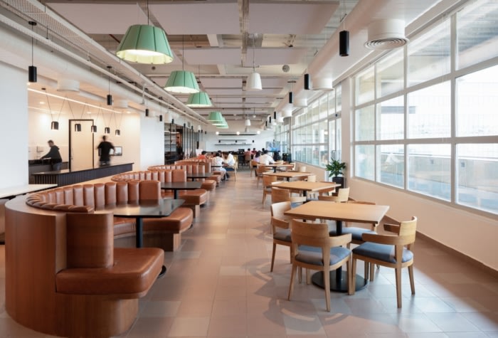 整个30,000平方英尺专门用于在不同时区工作的工程和客户服务团队。大胆而多彩的壁画表达了“团结 - 合作”以及来自各大洲的这些不同团队的聚集在一起,使涟漪成为今天的样子。#办公室空间设计#
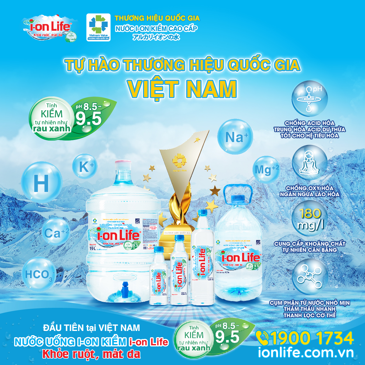 i-on Life thương hiệu nước ion kiềm ĐẦU TIÊN tại Việt Nam có tính kiềm tự nhiên như rau xanh pH 8.5-9.5 giúp trung hòa acid dư thừa trong cơ thể, hỗ trợ tốt cho sức khỏe, đặc biệt là hệ tiêu hóa.
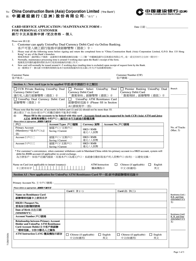 To:China Construction Bank (Asia) Corporation Limited: () ()(the Bank)CARD SERVICE APPLICATION / MAINTENANCE FORM FOR PERSONAL CUSTOMER / Date :Please note :1. Customer can apply UnionPay Dual Currency
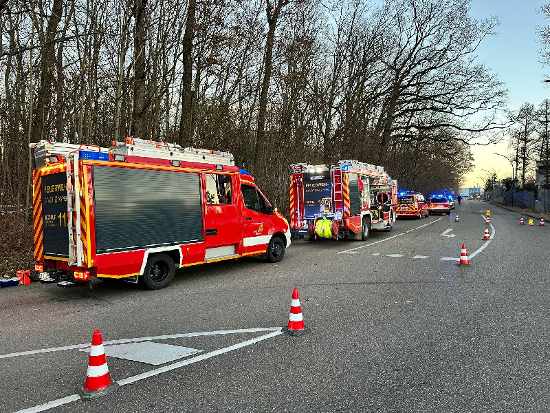 Fahrzeugaufgebot   Kommandowagen (KdoW)  Einsatzleitwagen (ELW 1)  Hilfeleistungslöschgruppenfahrzeug 1 (HLF 1)  Drehleiter (DLK 23/12)  Kleineinsatzfahrzeug (KEF)  Mannschaftstransportwagen 1 (MTW)
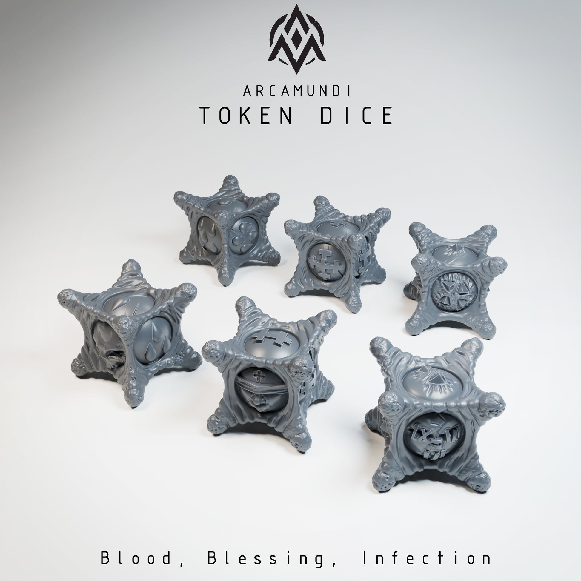 Blood, Bleessing, Infection token D6, consists of 6 highly detailed resin dice. (Bases not included)
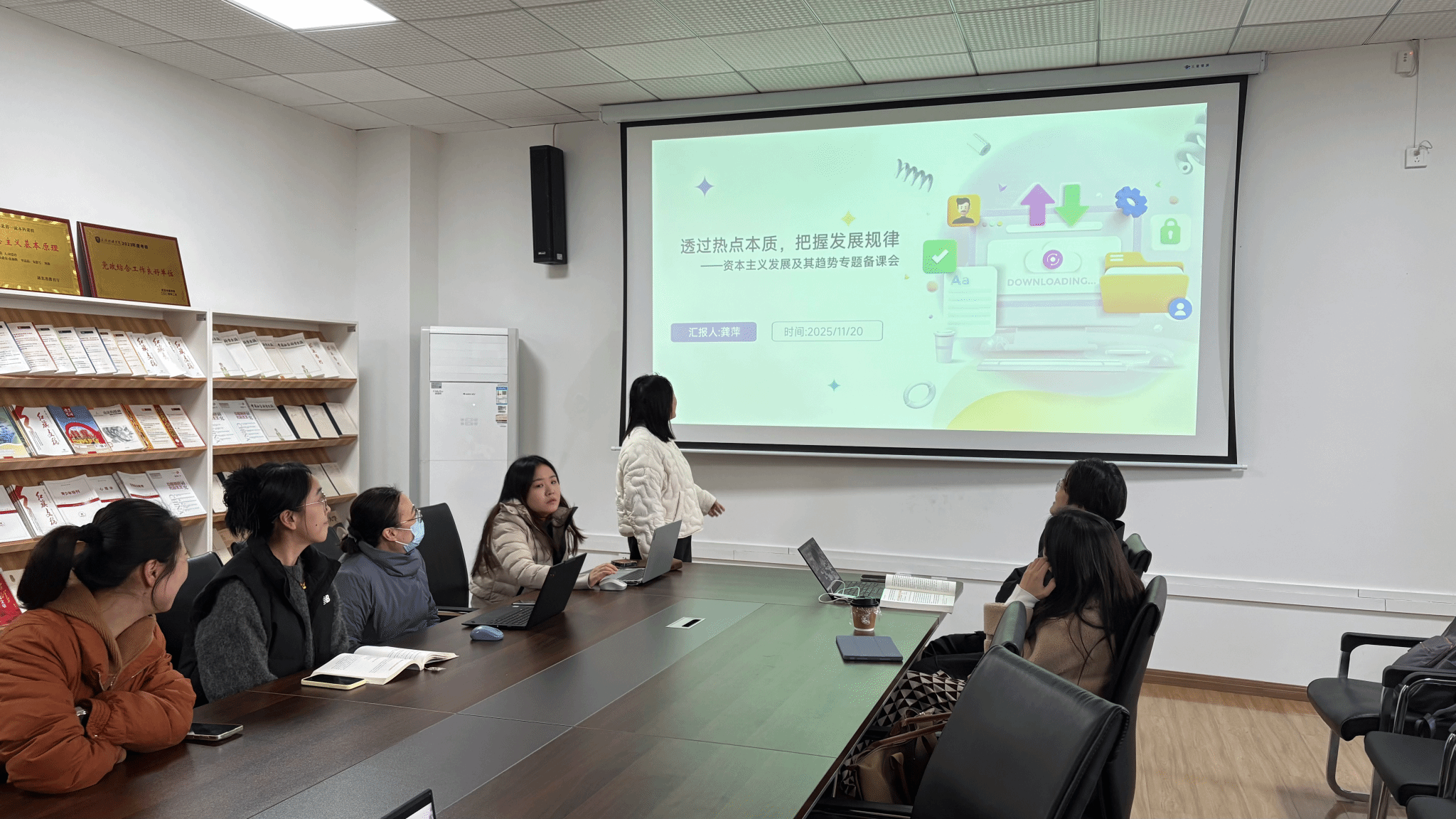 为推动思政课教学创新发展,精准把握全球经济政治发展新动态,进一步提升《马克思主义基本原理》课程教学质量,11月20日中午12点,原理教研室于8202会议室召开“资本主义发展及其趋势”专题备课会。会议由龚萍老师主持主讲,教研室全体教师参会。
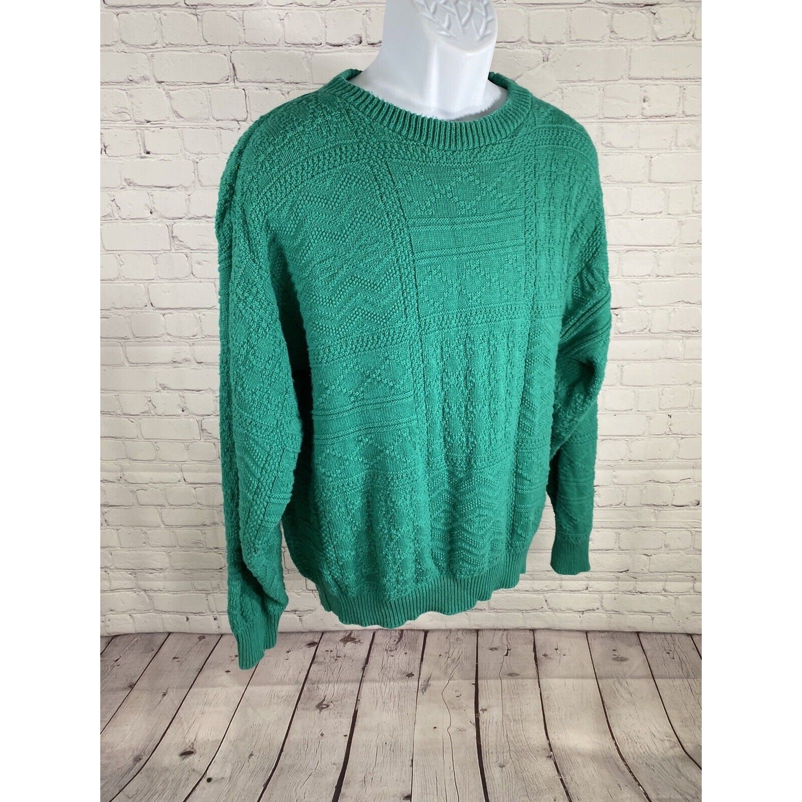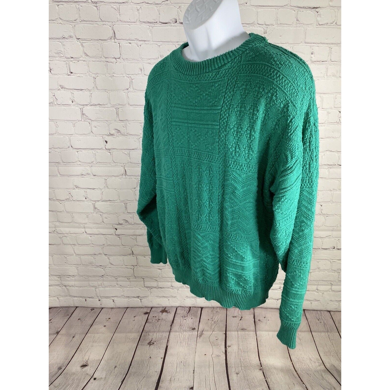 VTG Victoria Dry Goods 100% Cotton Green Chunky Knit Pullover Sweater Men’s XL
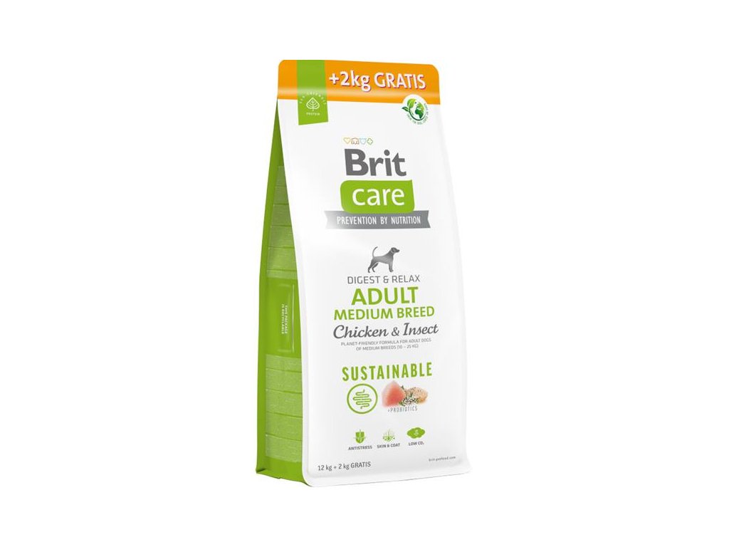 Brit Care Dog Sustainable Adult Medium Breed Chicken+Insect 12 + 2 kg
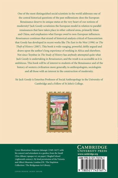 Distinguished social scientist Jack Goody addresses a core historical question: does the European Renaissance deserve its status at the heart of our notions of modernity? Goody scrutinises the European model in relation to parallel renaissances that have taken place in other cultural areas, emphasising what Europe owed to non-European influences. One of the most distinguished social scientists in the world addresses one of the central historical questions of the past millennium: does the European Renaissance deserve its unique status at the very heart of our notions of modernity? Jack Goody scrutinises the European model in relation to parallel renaissances that have taken place in other cultural areas, primarily Islam and China, and emphasises what Europe owed to non-European influences. Renaissances continues that strand of historical analysis critical of Eurocentrism that Goody has developed in recent works like The East and the West (1996) or The Theft of History (2006). Thisbook is wide-ranging, powerful, deftly argued, and draws upon the author's long experience of working in Africa and elsewhere. Not since Toynbee in The Study of History has anybody attempted quite what Jack Goody is undertaking in Renaissances, and the result is as accessible as it is ambitious.

### REQUIRED WORK:
Copy exactly the lines from the line containing "为推动思政课教学创新发展,精" through the last line of the records above, both included, and leave out any pictures.

### TASK OUTPUT:
 为推动思政课教学创新发展,精准把握全球经济政治发展新动态,进一步提升《马克思主义基本原理》课程教学质量,11月20日中午12点,原理教研室于8202会议室召开“资本主义发展及其趋势”专题备课会。会议由龚萍老师主持主讲,教研室全体教师参会。
 VTG Victoria Dry Goods 100% Cotton Green Chunky Knit Pullover Sweater Men’s XL
 Brit Care Dog Sustainable Adult Medium Breed Chicken+Insect 12 + 2 kg
 Distinguished social scientist Jack Goody addresses a core historical question: does the European Renaissance deserve its status at the heart of our notions of modernity? Goody scrutinises the European model in relation to parallel renaissances that have taken place in other cultural areas, emphasising what Europe owed to non-European influences. One of the most distinguished social scientists in the world addresses one of the central historical questions of the past millennium: does the European Renaissance deserve its unique status at the very heart of our notions of modernity? Jack Goody scrutinises the European model in relation to parallel renaissances that have taken place in other cultural areas, primarily Islam and China, and emphasises what Europe owed to non-European influences. Renaissances continues that strand of historical analysis critical of Eurocentrism that Goody has developed in recent works like The East and the West (1996) or The Theft of History (2006). Thisbook is wide-ranging, powerful, deftly argued, and draws upon the author's long experience of working in Africa and elsewhere. Not since Toynbee in The Study of History has anybody attempted quite what Jack Goody is undertaking in Renaissances, and the result is as accessible as it is ambitious.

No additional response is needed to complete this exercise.